Last time I said that my notion of correctness is simple: you should never invoke a method on an object
that doesn't implement it. To start off discussion, let's look at a very simple algorithm that statically determines
this. The subset of Mix that it handles is one without loops, without recursive calls, and with no inheritance; basically a fairly
useless subset of Mix, but let's go with it.
The idea is simple: starting from the programs entrypoint (a free function I'll call main
), we'll interpret
the program, but instead of using regular values like ints, and strings, and objects, we'll use types; that is, we'll
perform an abstract interpretation. Abstract
interpretation, invented and first formalized by Cousot and Cousot, has a long history in static analysis; I'll be more
or less ignoring the formalization from here on in, and just going with an informal approach. Check
this out for a fairly readable introduction to "real" abstract interpretation.

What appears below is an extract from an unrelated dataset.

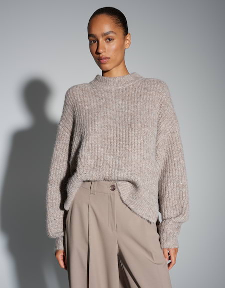Weicher Strickpullover mit feinem Rippstrickmuster überzeugt durch den spannenden Mix aus metallisch glänzendem Lurex und zarten Pailletten, die dem Design dezenten Glanz verleihen.

Moving on to the actual algorithm, consider the following trivial code:
class A
{
public var Member;
public new(arg){ this.Member = 1; };
public Method1(){};
public Method2(){ this.Method1() };
};
main()
{
var a = new A();
a.Method2();
a.Member;
return;
}
So, starting in main
, let's interpret the program. At the outset, we have a variable declaration; let's
pretend that it was really written as a variable declaration followed by an assigment:
var a;
a = new A();
That let's us look at the two steps separately, instead of all at once. So, first we see a variable declaration, so
we add a
to the environment; we associate with a
the empty typeset. A typeset can
be thought of as a set containing all types that the variable is known to hold; by looking at how all of the types
in a typeset intersect, we can understand what operations on a
are guaranteed to be legal.
Next, there's an assignment: the effect of the assignment under the interpretation is that the typeset associated
with a
should be augmented by the right side's value; but how can we determine the right side's value? Let's
continue interpreting. new
(with a particular class name and constructor arguments, of which there are none in
this case) corresponds to constructing a concrete type based on the class and then invoking the class's construction operator.
Concrete types are values that represent the properties of an object, namely it's class name and its fields (both members
and methods). Concrete types are what go into typesets. From now on, we can think of the value of a particular expression
(under the abstract interpretation) as a typeset containing 0 or more concrete types.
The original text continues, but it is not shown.